AVAILABLE DATA ::
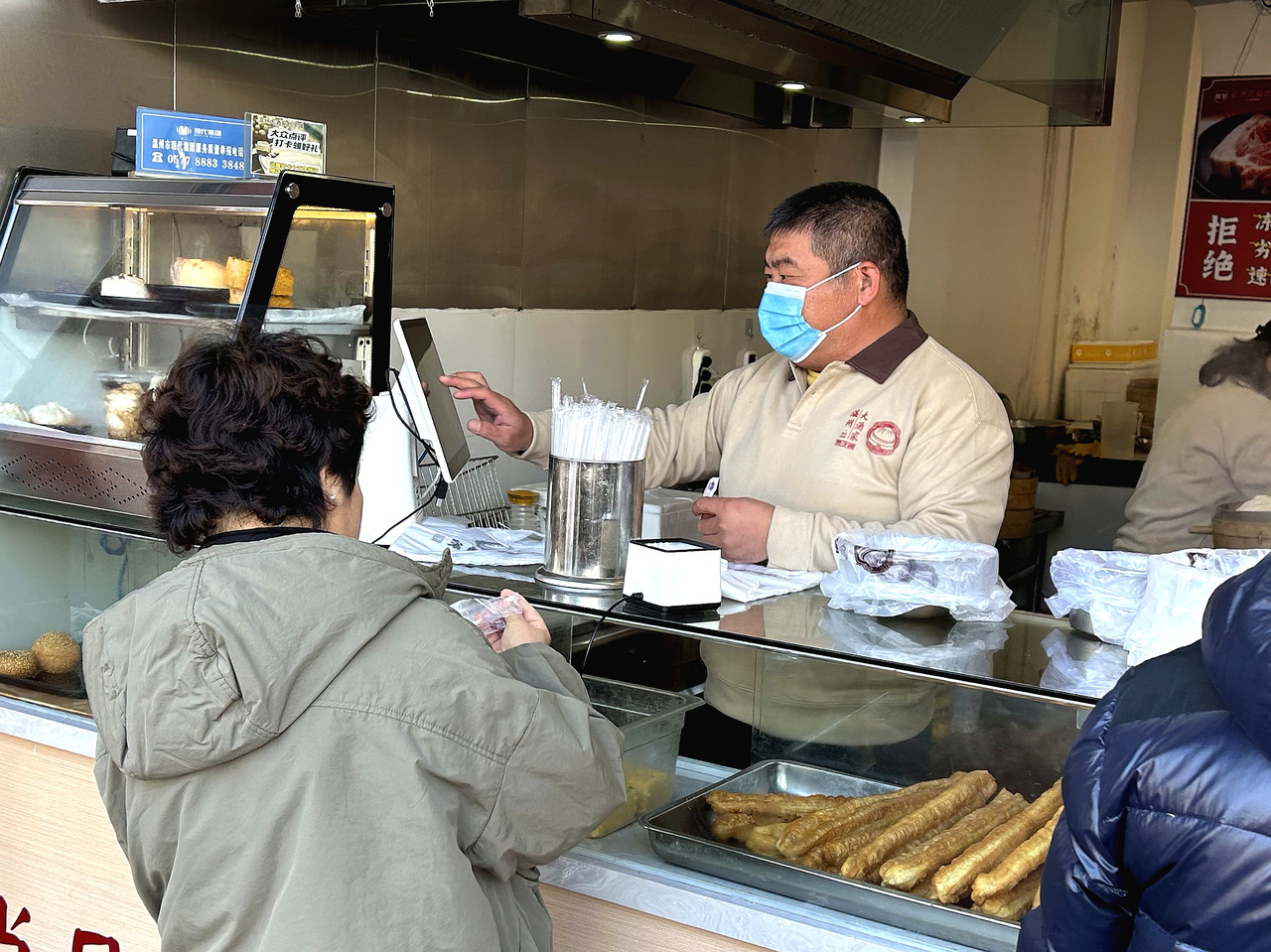 五马街道队守门员胡克坚经营着一家包子铺
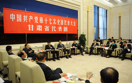 Delegates of Gansu Province sit for a discussion session of the 17th National Congress of the Communist Party of China in Beijing on October 16, 2007. The 17th Party congress opened in Beijing on Monday, 2007. [Xinhua]
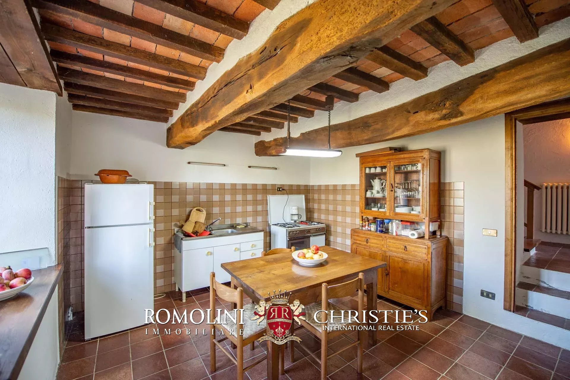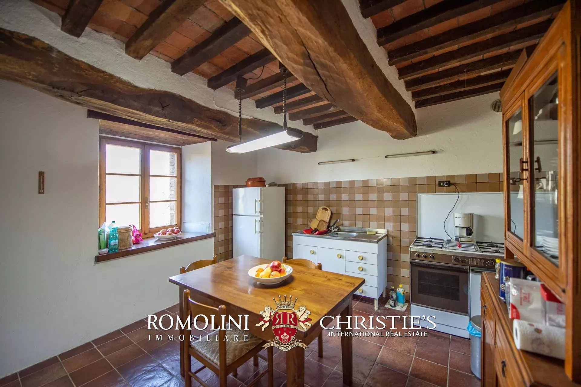 The country house is in good structural condition and only needs a few updating works to be exploited in its full potential. The rustic features, such as stone walls, wooden beams and terracotta floors, are all well preserved and give the building its unique fascination.

HOW TO COMPLETE THIS TASK :: Copy every line above exactly, leaving no picture in the copy.

SOLUTION TO THE PROBLEM ::
 五马街道队守门员胡克坚经营着一家包子铺
 Delegates of Gansu Province sit for a discussion session of the 17th National Congress of the Communist Party of China in Beijing on October 16, 2007. The 17th Party congress opened in Beijing on Monday, 2007. [Xinhua]
 The country house is in good structural condition and only needs a few updating works to be exploited in its full potential. The rustic features, such as stone walls, wooden beams and terracotta floors, are all well preserved and give the building its unique fascination.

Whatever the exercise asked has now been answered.